# [What this task involves]
Copy out the listing that follows, exact in every word, and skip the images.

# [Supplied data]
►
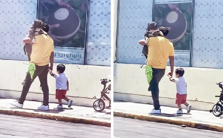 “He is (showing) a lot of empathy and responsibility for his pet and his son because he takes him by the hand. a thousand blessings.” Writes one person. Another, relating to this father’s love for both the child and dog, adds: “Super dad. I would have done the same. Kid has shoes on and the doggy doesn’t. It looks hot too. Plus his mom was there maybe he wanted to walk,”
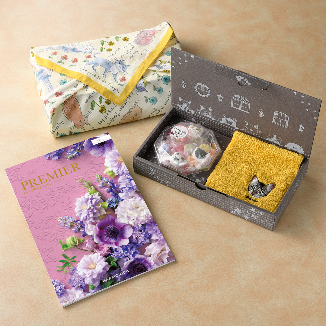 ネコ種を選べるハンカチとネコ柄の可愛いラムネなどのお菓子をカタログギフトとセットにしネコ柄の風呂敷でお包みします。
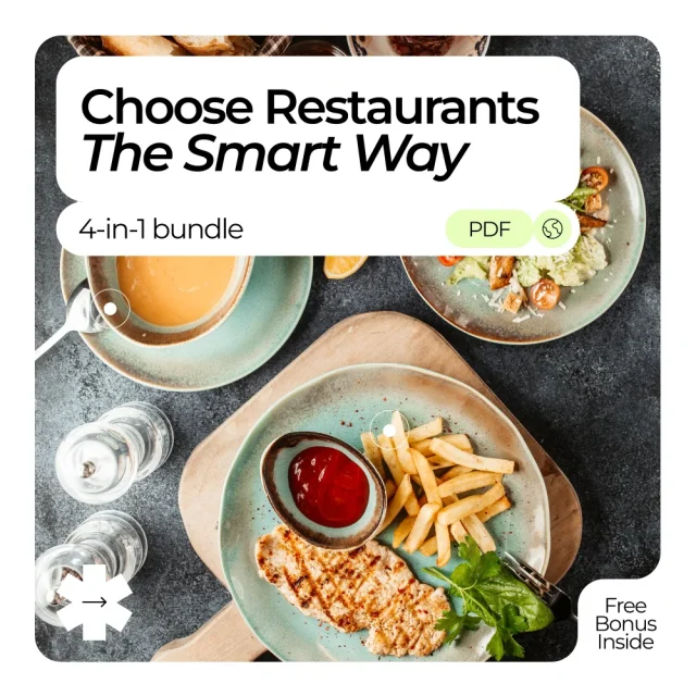 Eating well while traveling shouldn’t be a gamble. Say goodbye to overpriced, underwhelming meals at tourist trap restaurants with our 4-in-1 digital bundle, Smart Way to Choose Restaurants While Traveling. This all-in-one collection of guides, checklists, and AI-powered strategies is designed to help you uncover the best local dining spots, whether you’re hunting for a hidden gem or a Michelin-star experience. Perfect for curious food lovers, savvy travelers, and anyone who wants to enjoy authentic meals without the hassle.
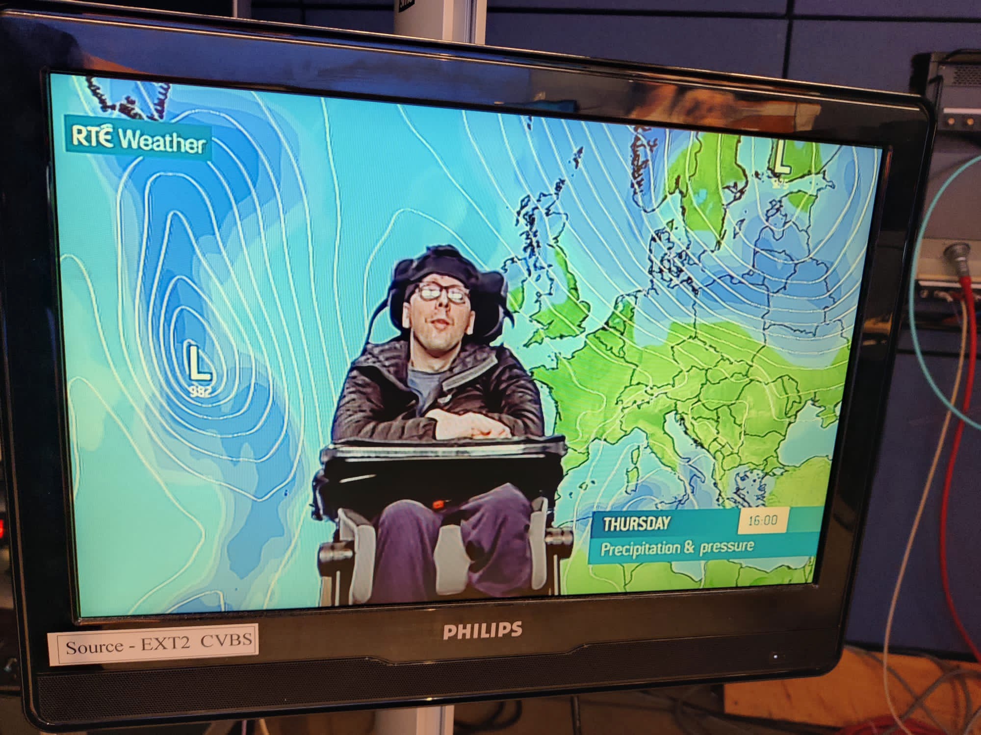 The highlight of his visit, however, was the weather forecaster studio with its blue screen and screen overlays, including the famous isel bars and all. The weather forecasgter on duty couldn’t have been nicer.
◄
# [Result of this task]
 “He is (showing) a lot of empathy and responsibility for his pet and his son because he takes him by the hand. a thousand blessings.” Writes one person. Another, relating to this father’s love for both the child and dog, adds: “Super dad. I would have done the same. Kid has shoes on and the doggy doesn’t. It looks hot too. Plus his mom was there maybe he wanted to walk,”
 ネコ種を選べるハンカチとネコ柄の可愛いラムネなどのお菓子をカタログギフトとセットにしネコ柄の風呂敷でお包みします。
 Eating well while traveling shouldn’t be a gamble. Say goodbye to overpriced, underwhelming meals at tourist trap restaurants with our 4-in-1 digital bundle, Smart Way to Choose Restaurants While Traveling. This all-in-one collection of guides, checklists, and AI-powered strategies is designed to help you uncover the best local dining spots, whether you’re hunting for a hidden gem or a Michelin-star experience. Perfect for curious food lovers, savvy travelers, and anyone who wants to enjoy authentic meals without the hassle.
 The highlight of his visit, however, was the weather forecaster studio with its blue screen and screen overlays, including the famous isel bars and all. The weather forecasgter on duty couldn’t have been nicer.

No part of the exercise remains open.